Ausländerbehörde reißt die Familie auseinander
Am 10. Februar 2005 ließ die Ausländerbehörde die zu diesem Zeitpunkt 24 Jahre alte Gazale Salame in die Türkei abschieben. Die Polizei überraschte die schwangere Frau in ihrer Wohnung, während ihr Ehemann gerade die Töchter Nura, 6 Jahre, und Amina, 7 Jahre, zur Schule brachte. Gazale kam zunächst bei entfernten Bekannten der Eltern in Izmir unter. Unter erbärmlichen Umständen brachte sie am 31. August 2005 ihren Sohn Gazi zur Welt.
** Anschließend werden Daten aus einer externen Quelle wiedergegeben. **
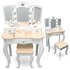 Équipée d'un éclairage LED et d'un miroir à 3 branches, la coiffeuse est le rêve devenu réalité de toutes les petites filles. Le grand tiroir peut facilement contenir tous les trésors de votre enfant tels que les jouets, les bijoux, les gadgets et plus encore, ce qui permet de garder le plateau de la table bien rangé. La coiffeuse est l'endroit idéal pour un coin beauté, mais pas seulement. C'est aussi un centre de jeux créatifs et de jeux de rôle, comme le coiffeur, l'esthéticienne, le maquilleur et bien d'autres choses encore !
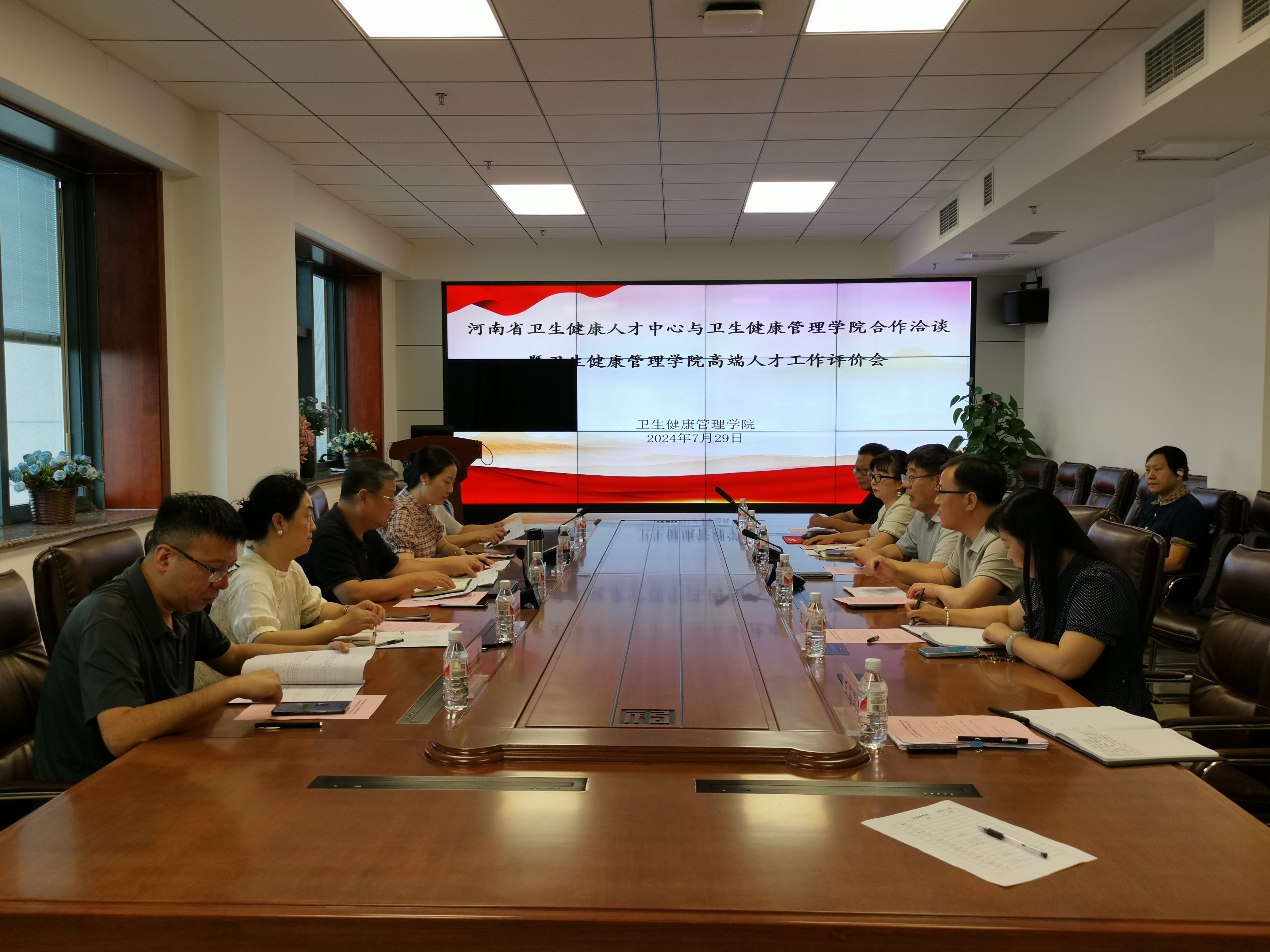 2024年7月29日,河南省卫生健康人才中心与卫生健康管理学院合作洽谈暨卫生健康管理学院高端人才工作评价会在图书信息楼南楼508会议室隆重举行。河南省卫生健康人才中心主任陈益洲、卫生健康管理学院特聘教授冯占春、党委组织部副部长郜佩、人事工作部教师中心主任张睿、人文社会科学学部主任刘雪立、教务部副主任刘巍、卫生健康管理学院党委书记崔金奇、卫生健康管理学院副院长田梅出席会议,学院各科室主任及教师代表等参加会议。会议由崔金奇主持。

Ahmed Siala, der in Deutschland mit großen Begriffen wie Demokratie und Rechtsstaat aufgewachsen ist, entschloss sich, nicht klein beizugeben und für seine Rechte und die seiner Familie zu kämpfen. Am 21. Juni 2006 entschied das Verwaltungsgericht Hannover zu seinen Gunsten: „Das ist sehr dünn“, urteilte der vorsitzende Richter über die vom Landkreis angegebenen Gründe für den Entzug der Aufenthaltserlaubnis und verwies darauf, dass die Familie Siala aufgrund der vorgelegten Dokumente seit Anfang der 1950er Jahre im Libanon gelebt hatte.